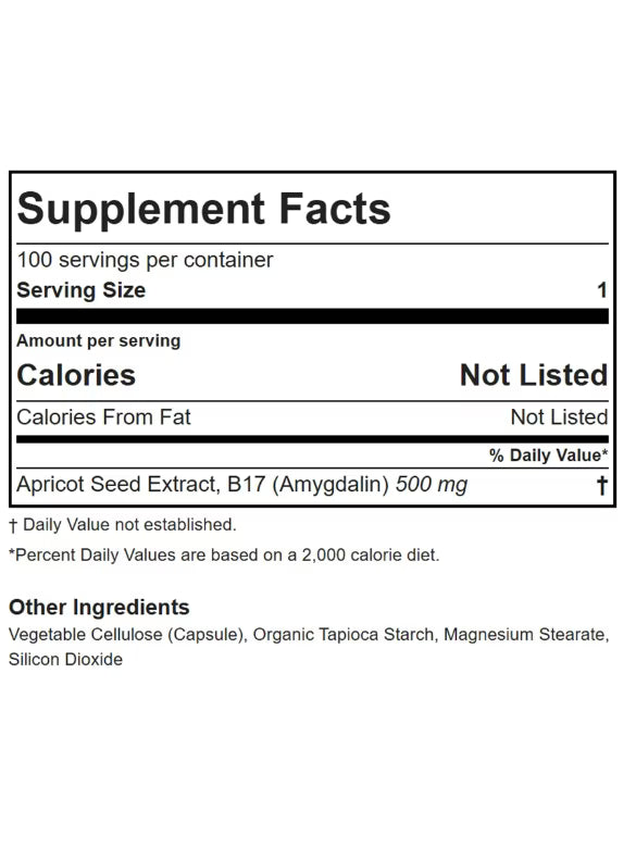 Amygdalin (Vitamin B17) – 500 mg per capsule: derived from apricot seeds, providing naturally occurring bioactive compounds found in over 1,200 botanical foods.*
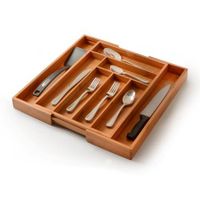 Our Better Homes & Gardens Natural Bamboo Expandable Silverware Organizer includes five main compartments for spoons, knives, forks, and serving utensils with two additional compartments for larger kitchen tools. It is made from 100% bamboo. This drawer organizer is durable and water-resistant so it will withstand years of use. And it is waterproof, insect resistance, which can keep your families from mildew and harmful gas. Bamboo products are easy to clean and can be effectively avoided the reproduction free from mold. The warm, neutral wood coloring will blend elegantly with your decor and
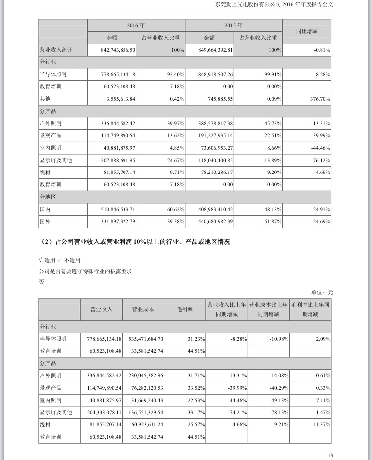 勤上股份成立于1994年,1998年开始涉足LED照明产品的研发和生产,曾屡次中标市政照明工程大单。2011年深交所上市,成为以半导体照明为主营业务的第一股。根据公司2016年年报,2016年勤上股份营收8.43亿元,半导体照明营收达7.79亿元,占营收比高达92.40%。2015年勤上股份营收为8.497亿元,半导体照明营收高达99.91%。
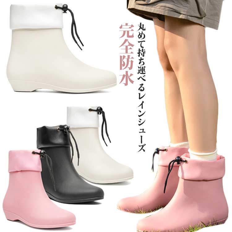 折りたたみ レインブーツ レディース ショートブーツ 長靴 完全防水 防水靴 レディース靴 レインシューズ 長靴 ブーツ 長靴
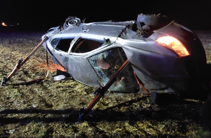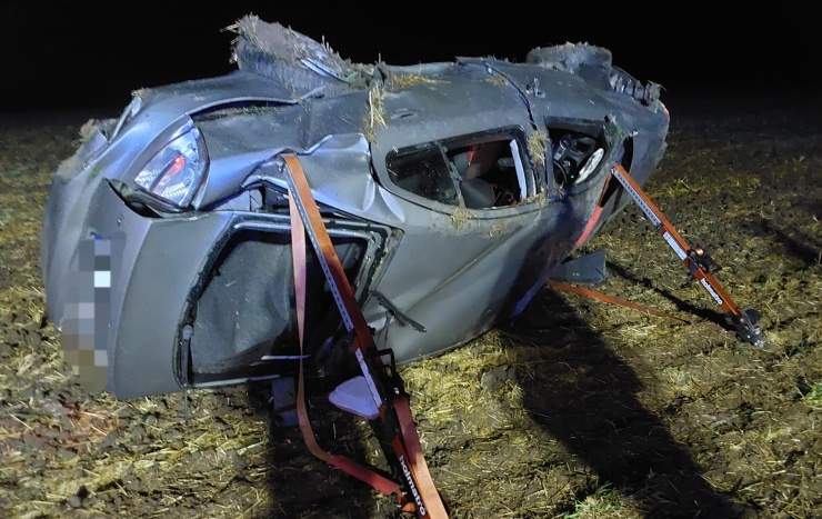 PŘEROVSKO – Složky Integrovaného záchranného systému zasahovaly u obce Stará Ves na Přerovsku, kde skončilo po nehodě havarované auto zaklíněné na boku.
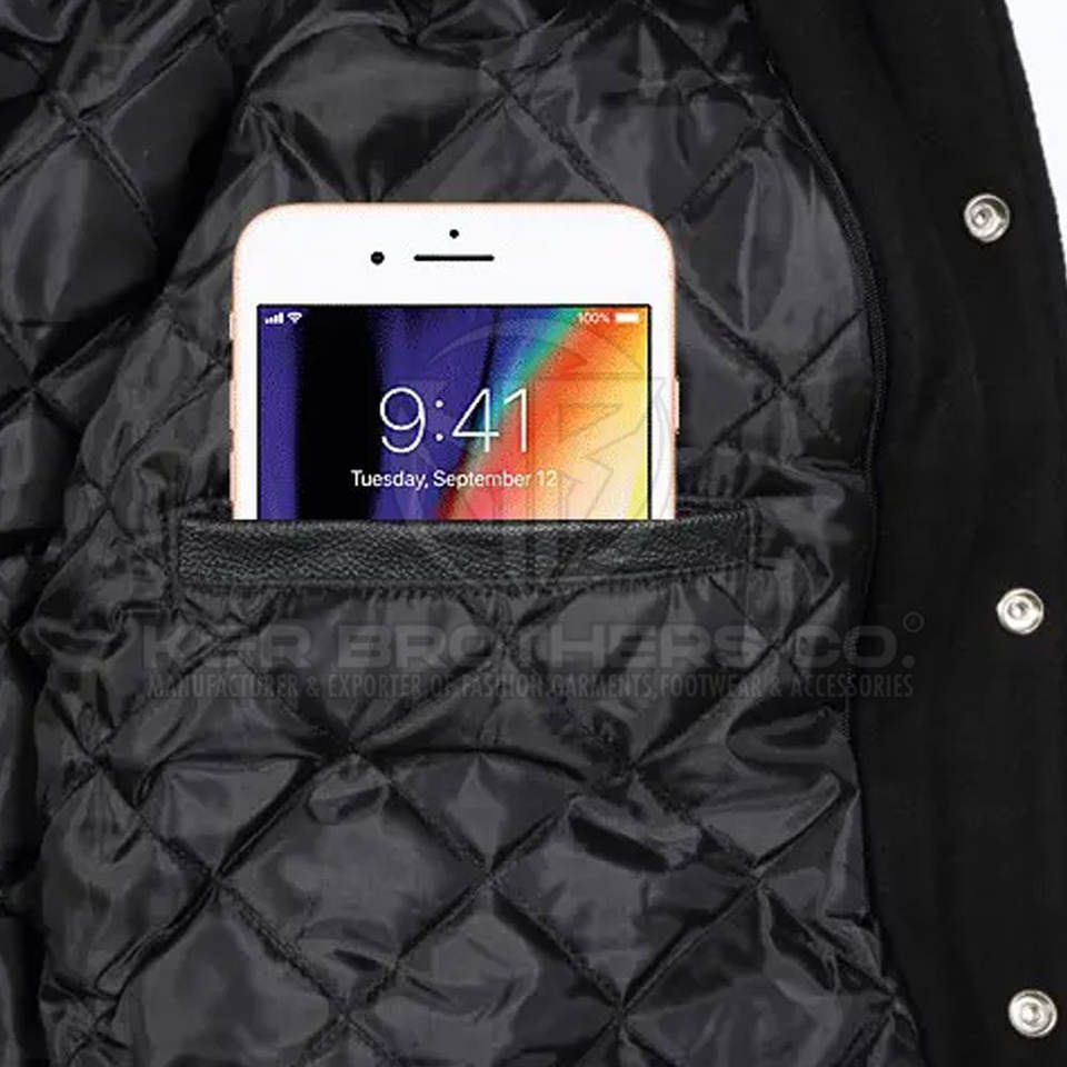 เสื้อแจ็กเก็ตทีมเบสบอลแขนเสื้อหนังแท้สำหรับผู้ชายเสื้อแจ็คเก็ตมีตัวอักษรคุณภาพสูง
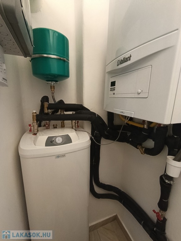 Padlófűtés és új Vaillant gázkazán, amely gondoskodik a melegvízről és a komfortos hőmérsékletről.
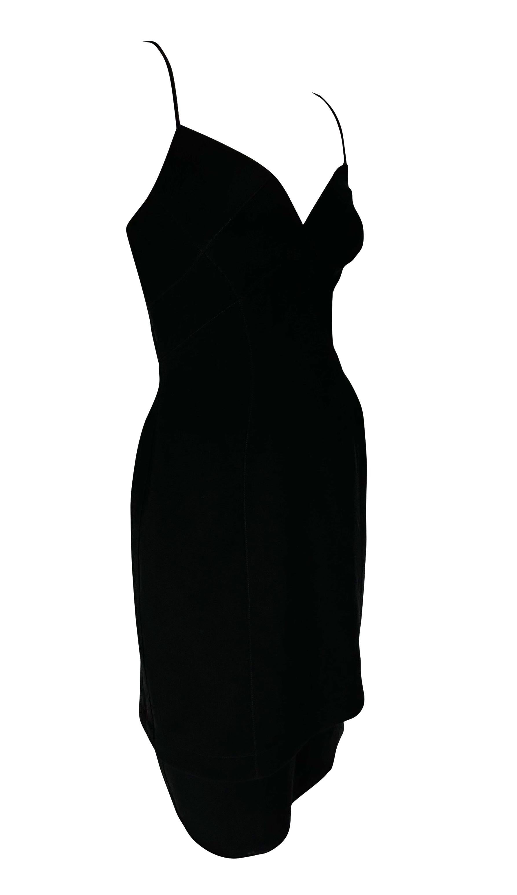 Presenting a beautiful black Thierry Mugler cocktail dress designed by Manfred Mugler. This simple and oh-so-sexy dress features a sweetheart neckline, spaghetti straps, and a layered hem. The perfect little Thierry Mugler black dress, this effortlessly chic and timeless piece is the perfect addition to any wardrobe.
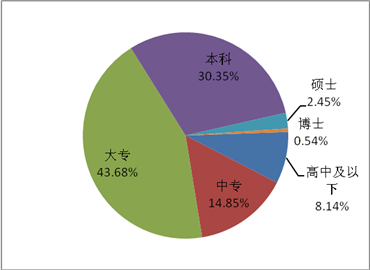 从求职人员学历情况看(如图4),博士学历的占0.54%,较2011年第四季度0.49%上升0.05%;硕士学历的占2.45%,较2011年第四季度3.10%下降0.65%;本科学历的占30.35%,较2011年第四季度38.16%下降7.81%;大专学历的占43.68%,较2011年第四季度42.26%上升1.42%;中专学历的占14.85%,较2011年第四季度9.87%上升4.98%;高中及以下学历的占8.14%,较2011年第四季度6.12%上升2.02%。其中大专及以上学历的占77.02%,较2011年第四季度84.01%下降6.99%。
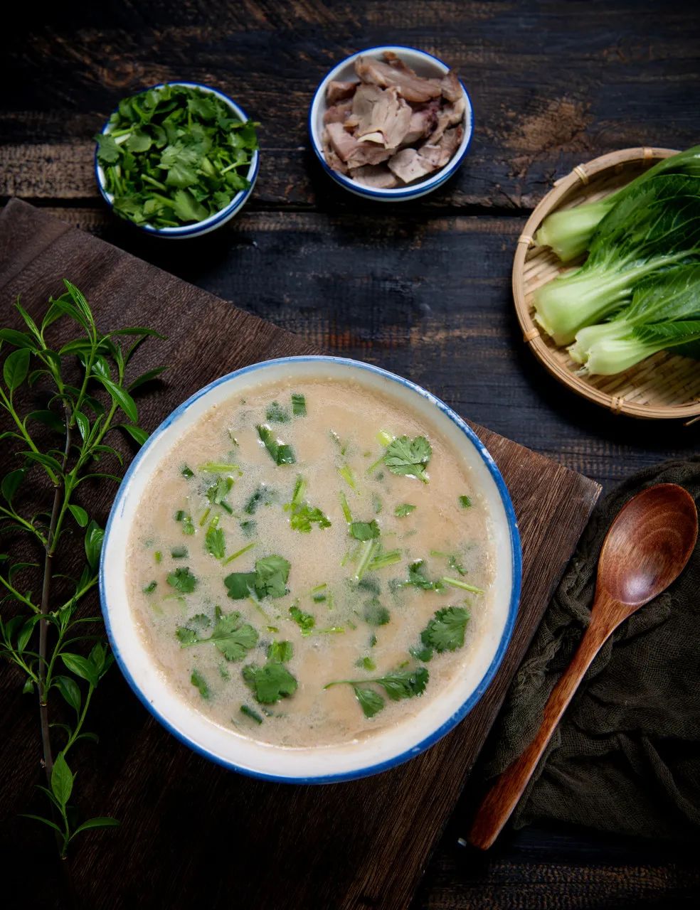一般说来,山羊膻味大,尤其以公山羊更膻。但本溪羊汤往往会特地挑选公山羊,宰杀后以柴火熬到汤底雪白、肥油融化、瘦肉酥烂。吃的时候要连羊杂、羊肉一起,打满满一碗。高粱面饼子是发面烙熟的,既松脆,又酥软,和烘烤的小麦面饼有了很大差异。显然,一条慢慢脱离烧烤烘焙,制作工艺越来越精细复杂的羊汤脉络,已经可以管窥。
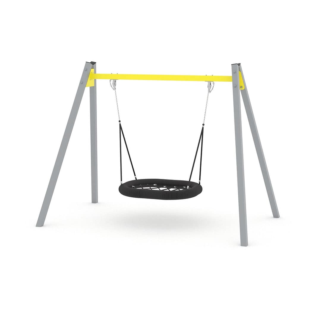 Гойдалка “Гніздо” заохочує одразу купу дітей покачатися разом. На ній можна лежати, насолоджуючись хмаринками, або весело гойдатися разом з друзями. Під час гри розвивається орієнтація в просторі, координація та комунікативні навики.
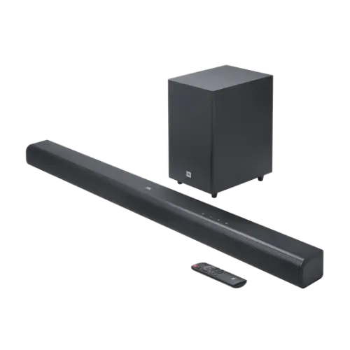 The JBL Cinema SB150 2.1 Wireless Soundbar with Compact Subwoofer is designed to deliver a powerful home entertainment experience. With its 3.1 channel sound system, the JBL Cinema SB550 soundbar produces a maximum output of 250W, combining 150W from the soundbar and 100W from the wireless subwoofer. The JBL Cinema SB550 soundbar supports Dolby Audio, ensuring clear dialogue and rich sound effects for movies and shows. Connectivity options include HDMI ARC, optical input, Bluetooth 5.3, and USB playback in the US version. The JBL Cinema SB550 soundbar features racetrack drivers and tweeters for balanced audio, while the wireless subwoofer adds deep bass. Compact dimensions and a lightweight design make the JBL Cinema SB550 soundbar suitable for modern living spaces, offering both style and performance.
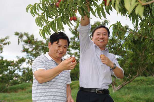彭院長陪同張正全院長品嘗農場油桃
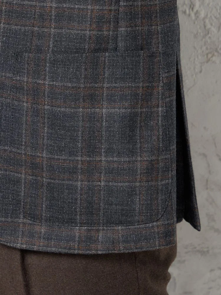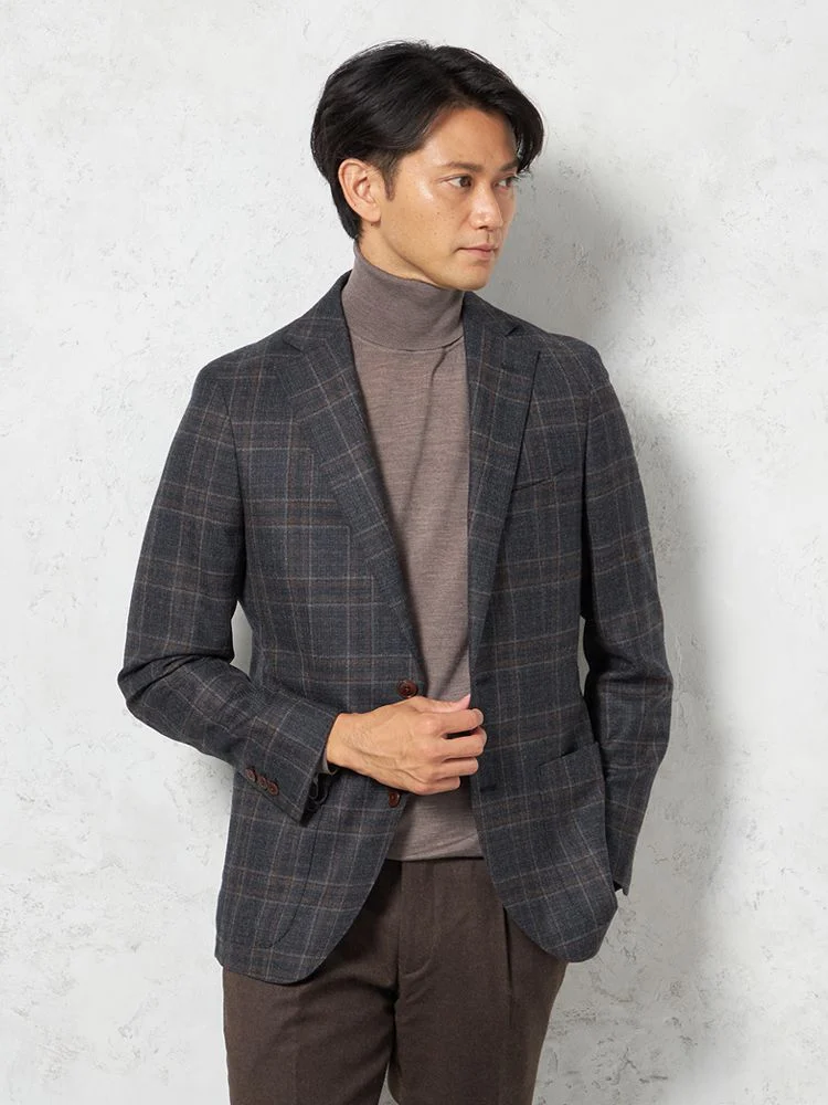 【ウール100%】ジャケット2つボタンイタリアディプライ社製生地チェックグレーRUCKENBACCHAR秋冬
☆ ☆ ☆
Leaving each picture behind, please give again exactly the lines above from the one with "勤上股份成立于1994年,1" through the one with "折りたたみ レインブーツ レディース", both included, and no others.

 勤上股份成立于1994年,1998年开始涉足LED照明产品的研发和生产,曾屡次中标市政照明工程大单。2011年深交所上市,成为以半导体照明为主营业务的第一股。根据公司2016年年报,2016年勤上股份营收8.43亿元,半导体照明营收达7.79亿元,占营收比高达92.40%。2015年勤上股份营收为8.497亿元,半导体照明营收高达99.91%。
 折りたたみ レインブーツ レディース ショートブーツ 長靴 完全防水 防水靴 レディース靴 レインシューズ 長靴 ブーツ 長靴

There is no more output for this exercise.